En cinquante ans, de 1970 à 2020, la population de Madagascar est passée de 6,6 millions à 27,6 millions d’habitants. Une augmentation de 21 millions de personnes vivant principalement de l’agriculture de subsistance pourrait-elle avoir un impact sur la sécurité alimentaire? On ne le dirait pas en lisant le rapport du Programme alimentaire mondial.

Et il n’y a pas que le PAM. Dans un article récent, le Fonds mondial pour la nature décrit la « tempête parfaite » de conditions qui affligent Madagascar, mais le mot « population » n’est mentionné que pour dire que 75% des Malgaches vivent avec moins de deux dollars par jour. L’article ne demande pas si les Malgaches s’en sortiraient mieux si leur île n’était pas soumise à une pression démographique aussi extrême.

Madagascar a perdu environ 80% de ses forêts originelles où vivent 90% de ses espèces endémiques. L’agriculture sur brûlis, la production de bois de chauffage et de charbon de bois pour les feux de cuisson, le surpâturage et l’élevage, ainsi que l’exploitation forestière illégale et l’extraction de pierres précieuses menacent son patrimoine naturel unique. Pourtant, le DAES des Nations unies nous dit que la population de Madagascar, qui était de 25,6 millions en 2017, devrait atteindre 35,6 millions en 2030, 53,8 millions en 2050 et 98 millions en 2100. Quelqu’un se demande-t-il ce que fera une nouvelle croissance démographique sur une île déjà soumise à un stress hydrique et largement déboisée? Accuserons-nous encore le changement climatique et ignorerons-nous la croissance démographique en 2100? Ou Madagascar aura-t-elle été soumise à l’un des contrôles de réalité de la nature avant que de tels chiffres ne soient atteints?
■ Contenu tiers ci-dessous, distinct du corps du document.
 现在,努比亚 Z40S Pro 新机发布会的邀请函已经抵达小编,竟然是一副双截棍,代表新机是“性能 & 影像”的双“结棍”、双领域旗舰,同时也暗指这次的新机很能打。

Croissance démographique et changement climatique

Certains climato-sceptiques affirment que l’accent mis sur le changement climatique n’est qu’un outil permettant aux socialistes et à leurs alliés d’attaquer le capitalisme occidental. La part du lion accordée au changement climatique par rapport à tous les autres problèmes environnementaux apporte de l’eau à leur moulin. Nous savons que le climat change depuis qu’il existe une planète Terre, bien avant que notre espèce Homo sapiens ne se qualifie elle-même de « sage ». Parmi les facteurs non anthropiques qui influencent le climat figurent l’activité solaire, l’activité volcanique, l’orbite excentrique de la Terre et les changements de son axe de rotation (cycles de Milankovitch). Nous savons également que les humains ont vécu plus d’une fois dans le passé sous un climat changeant.
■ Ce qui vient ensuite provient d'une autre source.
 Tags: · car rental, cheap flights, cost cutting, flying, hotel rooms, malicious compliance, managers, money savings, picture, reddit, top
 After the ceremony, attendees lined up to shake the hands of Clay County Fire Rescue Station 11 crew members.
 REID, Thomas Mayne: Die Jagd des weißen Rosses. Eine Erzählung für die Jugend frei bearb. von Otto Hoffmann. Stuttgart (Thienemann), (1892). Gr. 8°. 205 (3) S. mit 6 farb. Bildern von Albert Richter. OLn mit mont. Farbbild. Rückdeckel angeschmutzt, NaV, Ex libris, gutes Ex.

Mais jamais auparavant 8 milliards d’humains n’ont vécu dans un climat changeant. Jamais auparavant, 8 milliards d’humains ne s’étaient disputés la terre et les ressources entre eux et avec d’autres êtres vivants. Jamais auparavant la Terre n’avait eu à supporter les perturbations et à absorber les déchets de 8 milliards d’humains. Et étant donné que nous, les 8 milliards d’êtres humains, déforestons, surpêchons, chassons trop, broutons trop, puisons dans les aquifères, détournons, endiguons et extrayons l’eau des rivières, polluons l’air, la terre et l’eau, et mutilons la surface de la Terre par l’extraction des ressources, pouvons-nous même affirmer que le changement climatique est notre plus gros problème?
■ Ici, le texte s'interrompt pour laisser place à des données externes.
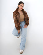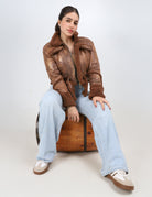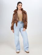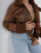 A cozy cropped jacket with soft shearling lining, faux-leather texture, and a front zip for a stylish look.

Dans un article intitulé « Climate refugees or overpopulation escapees, » Philip Cafaro soutient que la majorité des « réfugiés climatiques » prévus sont en fait des « réfugiés de la surpopulation. » Lorsque les pays et les régions deviennent énormément surpeuplés, les gens sont poussés à migrer. Les Philippinesl’Égypte et Haïti, par exemple, ont tous « exporté » environ 10 % de leur population. Le Canada, qui est depuis des décennies un chef de file en termes d’accueil d’immigrants par habitant, figure également parmi les leaders en matière d’émissions de GES par habitant. La forte consommation d’énergie est en partie « intégrée » au climat froid du Canada et aux longues distances. En moyenne, les immigrants au Canada, provenant pour la plupart de pays plus chauds et plus pauvres que le Canada, multiplient par quatre leurs émissions de gaz à effet de serre. Ce qui soulève la question suivante: Si une personne de Madagascar devait immigrer au Canada en tant qu’ « échappé de la surpopulation » et augmenter ses émissions de GES de 0,12 à 18,6 tonnes par an, ces émissions considérablement accrues devraient-elles être ajoutées au total du Canada ou à celui de Madagascar?

Le mensonge silencieux:

Les activistes climatiques ignorent également la contribution de la surpopulation au changement climatique par d’autres moyens. L’agriculture est à l’origine d’environ 80% de la déforestation tropicale, souvent, comme à Madagascar, par le biais de la culture sur brûlis. Les arbres sont des réserves très efficaces du CO2 et leur disparition au profit de l’agriculture ou d’autres utilisations réduit la capacité mondiale de séquestration du carbone. Si nous demandons aux riches de réduire leurs émissions, est-il juste de demander aux pays pauvres de réduire la taille de leurs familles? On dit souvent que ce n’est pas le nombre réel de pauvres qui contribue au changement climatique, mais le nombre de personnes qui augmentent leur consommation en s’enrichissant. C’est un argument fallacieux, car les pauvres dont les besoins fondamentaux ne sont pas satisfaits n’ont aucun moyen d’améliorer leur sort autrement qu’en consommant davantage. Plus le nombre de personnes qui sortent de la pauvreté est élevé, plus leur consommation d’énergie et de ressources est importante.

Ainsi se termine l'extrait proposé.